The core issue is that the celibacy requirement, whatever spiritual/practical benefits the Church believes may accrue from it, by its nature invites psycho-sexually compromised men — who realise they are afflicted or no — who would, naturally, seek the shelter of, the neighborhood respect-conferring benefits of, this unique institution.

Absent the celibacy rule, the percentage of these compromised men in Church service would fall for the haven would not offer the active safe-harbor it remains for these men; fewer of these afflicted would seek the priesthood.

The Church has mandated priestly celibacy since around the year 600. Prior to that, the Universal Church had no universal rule, only the less than wholly clear Pauline notion that celibacy (for everyone) would be a terrific spiritual way to go (if only it made any practical sense). 

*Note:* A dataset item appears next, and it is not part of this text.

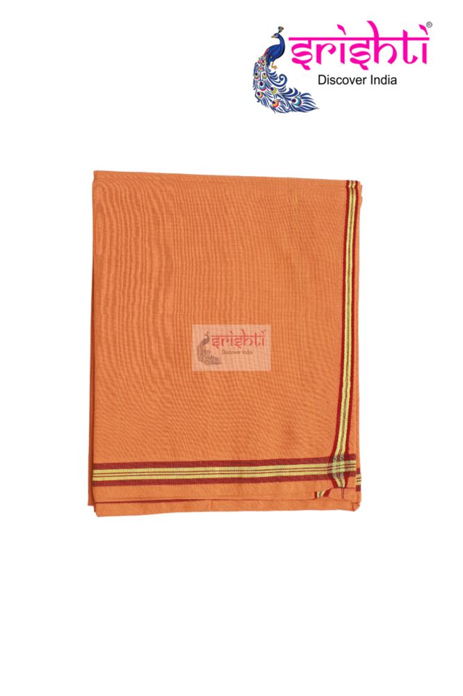 SADV-Srishti Premium Men's Cotton Ayyappa Orange Dhoti/vesti-4 Yards-M02

If it were ever to amount to a question of Church institutional survival, there would be a hundred and more spiritual arguments offered in the College of Cardinals for ditching the celibacy mandate and ditching would win hands down.

Whoever the Pope were to be at such a perceived crisis-point, liberal or conservative, he’d be on the ditching side of the argument…that’s the nature of all very old, vast, successful institutions that have survived the throes of the cultural and political change Rome has faced.

The institution will always alter itself in the name of service, and of perpetuity.